Saved data entries:
===
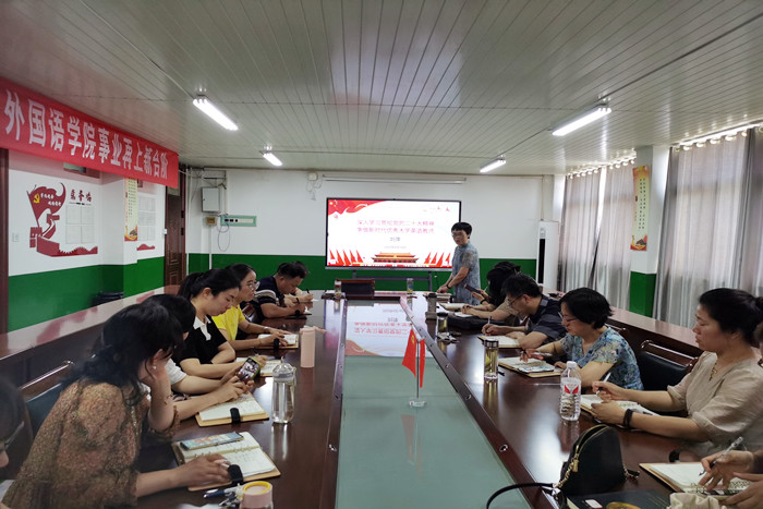 为深入开展学习贯彻习近平新时代中国特色社会主义思想主题教育,认真贯彻落实党的二十大精神,全面把握党的二十大报告中关于教育重要论述的深刻内涵,6月14日下午,外国语学院党委副书记、院长刘萍以《深入学习贯彻党的二十大精神,争做新时代优秀大学英语教师》为题讲授专题党课。专题党课由学院党委书记蔡为青主持,大学英语第一教研室教工党支部、大学英语第二教研室教工党支部全体党员聆听党课。
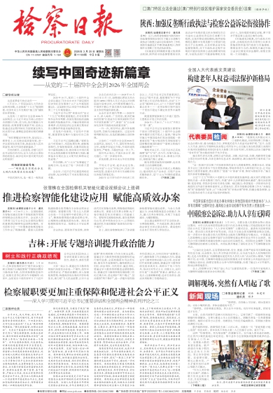 公平正义,民之所盼,政之所向。让公平正义可感可触可见,离不开法律监督职责的精准履行。十四届全国人大四次会议通过的“十五五”规划纲要明确提出,“强化检察监督,加强公益诉讼”。大会关于最高检工作报告的决议首次写入“强化检察监督,加强公益诉讼,履行好国家法律监督机关职责”,连续第三年写入“高质效办好每一个案件”。今年全国两会期间,代表委员也对强化检察监督提出许多宝贵意见。这些都充分体现党中央对检察机关法律监督工作的高度重视和更高要求,充分体现人民群众对检察机关维护公平正义的更高期待。各级检察机关要深入学习贯彻习近平总书记重要讲话和全国两会精神,认真贯彻落实人大决议要求,全力履行好国家法律监督机关职责,坚持依法监督、敢于监督、善于监督,严格公正司法,更加注重保障和促进社会公平正义,努力让人民群众在每一个司法案件中感受到公平正义,更好担负起维护执法司法公正、保障国家法律统一正确实施的使命任务。
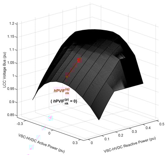 - Hybrid Power Voltage Interaction Factor (hPVIF): As the primary contribution, the factor hPVIF is proposed. From the power–voltage relationship between the LCC and VSC links, and given the length of the transmission line that connects the inverter buses, allows extracting the system operation set point necessary to achieve the maximum ESCR in the LCC link. Knowledge of this point, therefore, includes knowing how far the VSC must be connected from the LCC and setting the values of the active and reactive power coordinates in the VSC for the upper limit for the voltage stability margin in the LCC inverter station. Factor is helpful for the further contribution of the manuscript, i.e., apparent line length; therefore, and complement each other to achieve the objectives of this work.
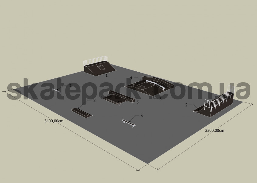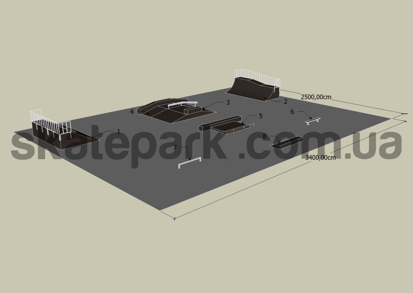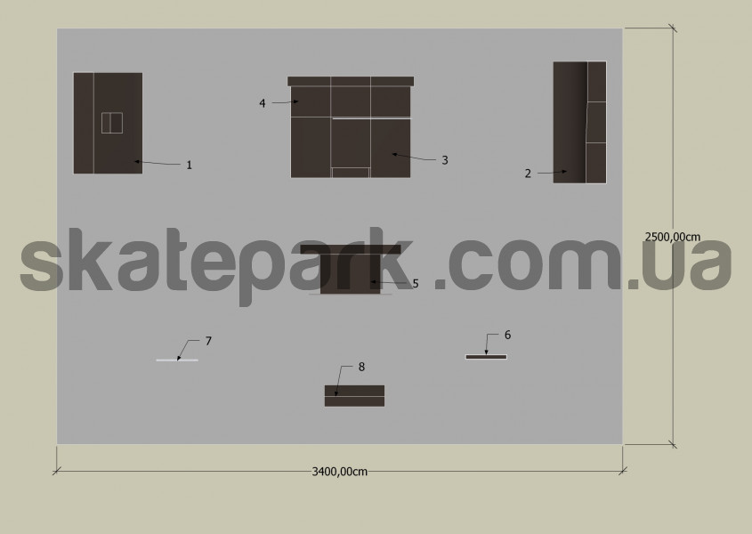 Bank ramp + mini quarter, Quarter pipe dwa poziomy, Funbox z grindboxem 3/1 + poęcz 2/3, Funbox z grindboxem 3/3, Grindbox 1 + grndbox 2 + Poręcz płaska – profil O, Ławka 1, Poręcz prosta mała – profil [], Grindbox 9
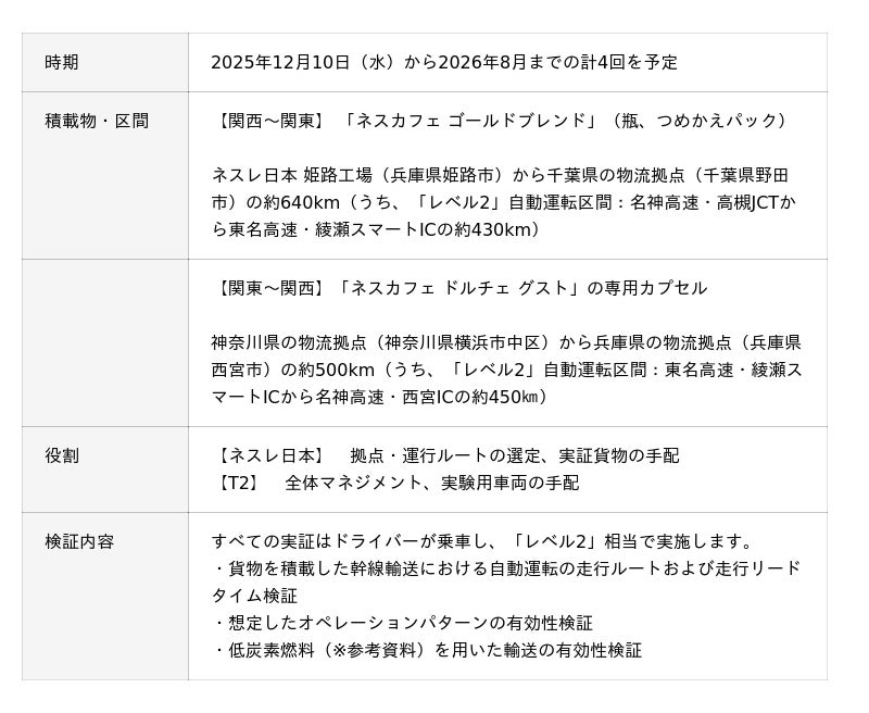 ネスレ日本株式会社(本社:兵庫県神戸市、代表取締役 社長 兼 CEO:深谷 龍彦、以下「ネスレ日本」)と株式会社T2(本社:東京都千代田区、代表取締役 CEO:熊部 雅友、以下「T2」)は、T2が開発した自動運転トラックを用いて、高速道路上で「ネスカフェ」を輸送する実証を、2025年12月10日(水)から開始します。
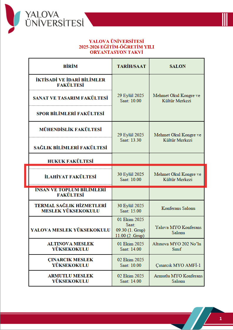 İlahiyat Fakültesi için 30 Eylül 2025 saat 10:00'da Mehmet Okul Kongre ve Kültür Merkezi'nde program düzenlenecektir.
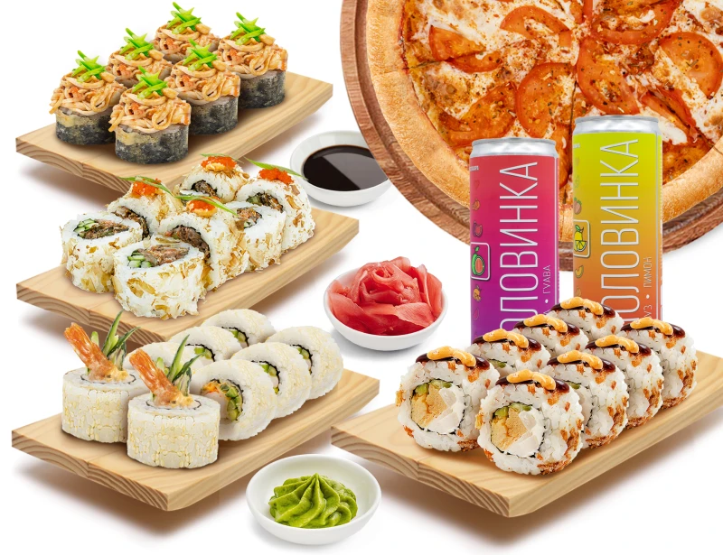 Комбо на 4 персоны Пицца 32 Маргарита; фирменные роллы: Краб темпура, Шаньнань; запечённые роллы: Креветка темпура, Ким ролл; напитки: Половинка Клубника Гуава, Арбуз Лимон В комплекте: соевый соус - 4, васаби - 4, имбирь - 4.
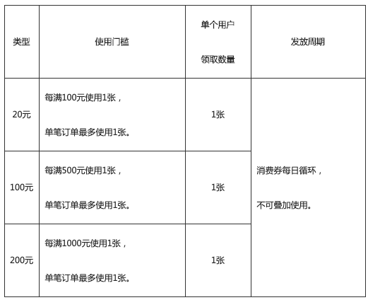 5.消費(fèi)券使用有效期與發(fā)放時(shí)間周期同步。
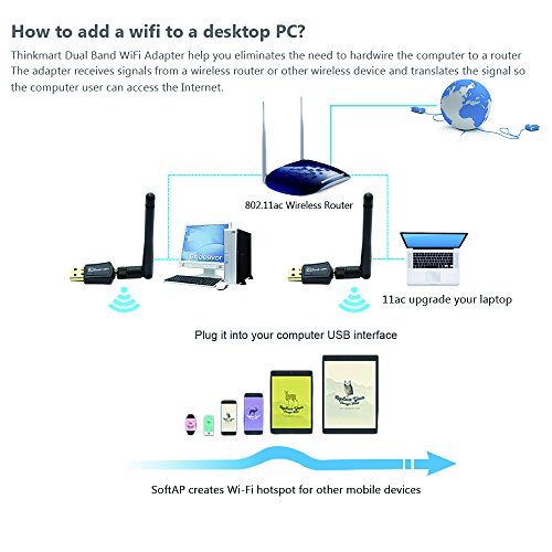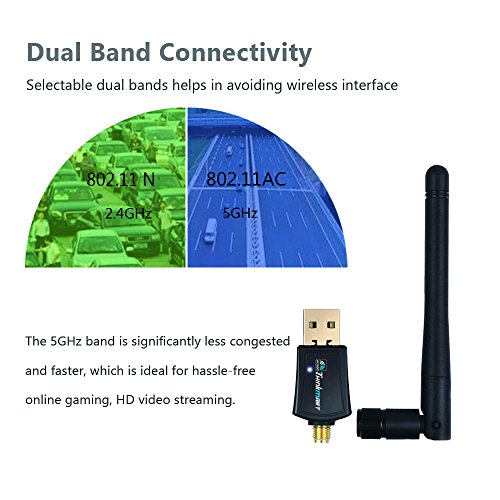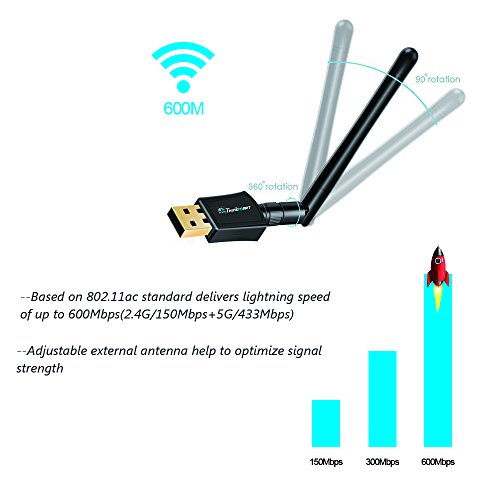 Thinkmart 600Mbps Dual Band USB WiFi Adapter 802.11ac 2.4G/5G Wireless Network Adapter Antenna for Desktop Laptop, Support WinXP/7/8/8.1/10(32/64-bit), Mac OSX 10.4-10.12, Linux 4.1-4.4, 5.0
===
_DIRECTIONS_
Once the pictures are set aside, copy the remaining text of every entry exactly.

_ANSWER FOR THIS EXERCISE_
 为深入开展学习贯彻习近平新时代中国特色社会主义思想主题教育,认真贯彻落实党的二十大精神,全面把握党的二十大报告中关于教育重要论述的深刻内涵,6月14日下午,外国语学院党委副书记、院长刘萍以《深入学习贯彻党的二十大精神,争做新时代优秀大学英语教师》为题讲授专题党课。专题党课由学院党委书记蔡为青主持,大学英语第一教研室教工党支部、大学英语第二教研室教工党支部全体党员聆听党课。
 公平正义,民之所盼,政之所向。让公平正义可感可触可见,离不开法律监督职责的精准履行。十四届全国人大四次会议通过的“十五五”规划纲要明确提出,“强化检察监督,加强公益诉讼”。大会关于最高检工作报告的决议首次写入“强化检察监督,加强公益诉讼,履行好国家法律监督机关职责”,连续第三年写入“高质效办好每一个案件”。今年全国两会期间,代表委员也对强化检察监督提出许多宝贵意见。这些都充分体现党中央对检察机关法律监督工作的高度重视和更高要求,充分体现人民群众对检察机关维护公平正义的更高期待。各级检察机关要深入学习贯彻习近平总书记重要讲话和全国两会精神,认真贯彻落实人大决议要求,全力履行好国家法律监督机关职责,坚持依法监督、敢于监督、善于监督,严格公正司法,更加注重保障和促进社会公平正义,努力让人民群众在每一个司法案件中感受到公平正义,更好担负起维护执法司法公正、保障国家法律统一正确实施的使命任务。
 - Hybrid Power Voltage Interaction Factor (hPVIF): As the primary contribution, the factor hPVIF is proposed. From the power–voltage relationship between the LCC and VSC links, and given the length of the transmission line that connects the inverter buses, allows extracting the system operation set point necessary to achieve the maximum ESCR in the LCC link. Knowledge of this point, therefore, includes knowing how far the VSC must be connected from the LCC and setting the values of the active and reactive power coordinates in the VSC for the upper limit for the voltage stability margin in the LCC inverter station. Factor is helpful for the further contribution of the manuscript, i.e., apparent line length; therefore, and complement each other to achieve the objectives of this work.
 Bank ramp + mini quarter, Quarter pipe dwa poziomy, Funbox z grindboxem 3/1 + poęcz 2/3, Funbox z grindboxem 3/3, Grindbox 1 + grndbox 2 + Poręcz płaska – profil O, Ławka 1, Poręcz prosta mała – profil [], Grindbox 9
 ネスレ日本株式会社(本社:兵庫県神戸市、代表取締役 社長 兼 CEO:深谷 龍彦、以下「ネスレ日本」)と株式会社T2(本社:東京都千代田区、代表取締役 CEO:熊部 雅友、以下「T2」)は、T2が開発した自動運転トラックを用いて、高速道路上で「ネスカフェ」を輸送する実証を、2025年12月10日(水)から開始します。
 İlahiyat Fakültesi için 30 Eylül 2025 saat 10:00'da Mehmet Okul Kongre ve Kültür Merkezi'nde program düzenlenecektir.
 Комбо на 4 персоны Пицца 32 Маргарита; фирменные роллы: Краб темпура, Шаньнань; запечённые роллы: Креветка темпура, Ким ролл; напитки: Половинка Клубника Гуава, Арбуз Лимон В комплекте: соевый соус - 4, васаби - 4, имбирь - 4.
 5.消費(fèi)券使用有效期與發(fā)放時(shí)間周期同步。
 Thinkmart 600Mbps Dual Band USB WiFi Adapter 802.11ac 2.4G/5G Wireless Network Adapter Antenna for Desktop Laptop, Support WinXP/7/8/8.1/10(32/64-bit), Mac OSX 10.4-10.12, Linux 4.1-4.4, 5.0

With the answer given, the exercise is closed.